This package uses Great Expectations to validate output data. The src/agoradatatools/great_expectations folder houses our file system data context and Great Expectations-specific configuration files. Eventually, our goal is for each agora-data-tools dataset to be convered by an expectation suite. To add data validation for more datasets, follow these steps:

  1. Create a new expectation suite by defining the expectations for the dataset in a Jupyter Notebook inside the gx_suite_definitions folder. Use metabolomics.ipynb as an example. You can find a catalog of existing expectations here.
  2. Run the notebook to generate the new expectation suite. It should populate as a JSON file in the /great_expectations/expectations folder.
  3. Add support for running Great Expectations on a dataset by adding gx_enabled: true to the configuration for the datatset in both test_config.yaml and config.yaml.
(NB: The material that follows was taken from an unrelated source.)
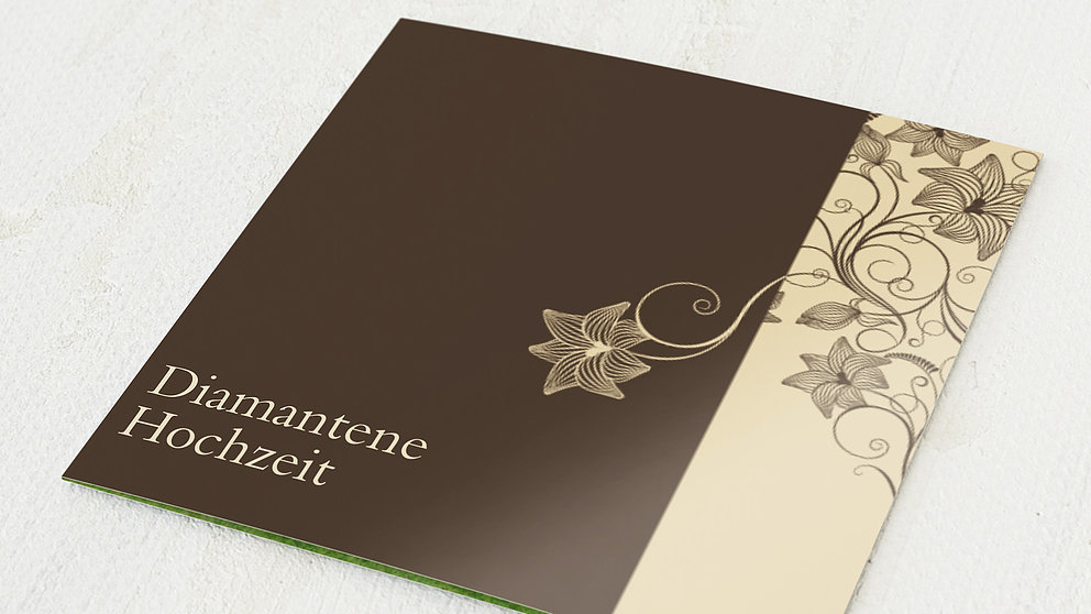 Diamantene Hochzeit – Rückblick auf 60 Jahre Eheleben Nicht vielen Paaren ist es vergönnt, gemeinsam die diamantene Hochzeit zu begehen Wer einen 60 Hochzeitstag erleben kann, möchte diesen natürlich auch im Rahmen von Familie und Freunden gebührend feiern. Vorlage als Einladung Goldhochzeit in Braun mit Goldmuster Diese Vorlage für Einladungen zur Goldenen Hochzeit, die im Format DIN A6 erhältlich ist, zeigt in der Mitte der Karte ein Foto, das zur goldenen Hochzeit einlädt Dieses Foto können Sie hier in die Einladung einfügen. Dazu sollte es in jedem Fall eine Einladung zur Diamantenen Hochzeit sein, die einmalig und genau auf das Hochzeitspaar abgestimmt ist Warum die Diamanthochzeit heute so eine große Bedeutung hat Zu schnell wird heute bei einer Krise das Eheglück leichtfertig weggeworfen.

Ensure that the gx_folder and gx_table keys are present in the configuration file and contain valid Synapse IDs for the GX reports and GX table, respectively.
    • You can prevent Great Expectations from running for a dataset by setting gx_enabled: false in the configuration for the dataset.
  4. Test data processing by running adt test_config.yaml --upload and ensure that HTML reports with all expectations are generated and uploaded to the proper folder in Synapse.

Note: If you are adding a new expectation and you want to allow for "fuzzy validation" (e.g. you expect X% of the values in a column to match the expectation, but the remaining Y% are allowed to not match), you will need to make use of the mostly parameter. This package is set up to surface "warnings" for instances where the mostly parameter is used to show users which expectations have some failed values although the overall validation still passes.

Custom Expectations

This repository is currently home to three custom expectations that were created for use on agora-data-tools datasets:

  1. ExpectColumnValuesToHaveListLength: checks to see if the lists in a particular column are the length that we expect.
  2. ExpectColumnValuesToHaveListMembers: checks to see if the lists in a particular column contain only values that we expect.
  3. ExpectColumnValuesToHaveListMembersOfType: checks to see if the lists in a particular column contain members of the type we expect.

These expectations are defined in the /great_expectations/gx/plugins/expectations folder. To add more custom expectations, follow the instructions here.

Nested Columns

If the transform includes nested columns (example: ensembl_info column in gene_info tranform), please follow these four steps:

  1. In the config file, add the nested column name to the gx_nested_columns flag for the specific transform. This will convert the column values to a JSON parsable string.
gx_nested_columns:
   - <nested_column_name>
  1. When creating the validator object in the gx_suite_definitions notebook, the nested column(s) must be included in the nested_columns list.
df = pd.read_json(<data_file>)
nested_columns = ['<nested_column_name>']
df = GreatExpectationsRunner.convert_nested_columns_to_json(df, nested_columns)
validator = context.sources.pandas_default.read_dataframe(df)
validator.expectation_suite_name = "<suite_name>"
  1. When validating the value type of the nested column, specify it as a string (see Step 1 for reasoning):
validator.expect_column_values_to_be_of_type("<nested_column_name>", "str")
  1. A JSON file containing the expected schema must be added here: src/agoradatatools/great_expectations/gx/json_schemas/<transform_name>/<column_name>.json. Use the JSON schema tool to create the schema template for your nested column.

DockerHub

Rather than using GitHub actions to build and push Docker images to DockerHub, the Docker images are automatically built in DockerHub. This requires the sagebiodockerhub GitHub user to be an Admin of this repo. You can view the docker build here.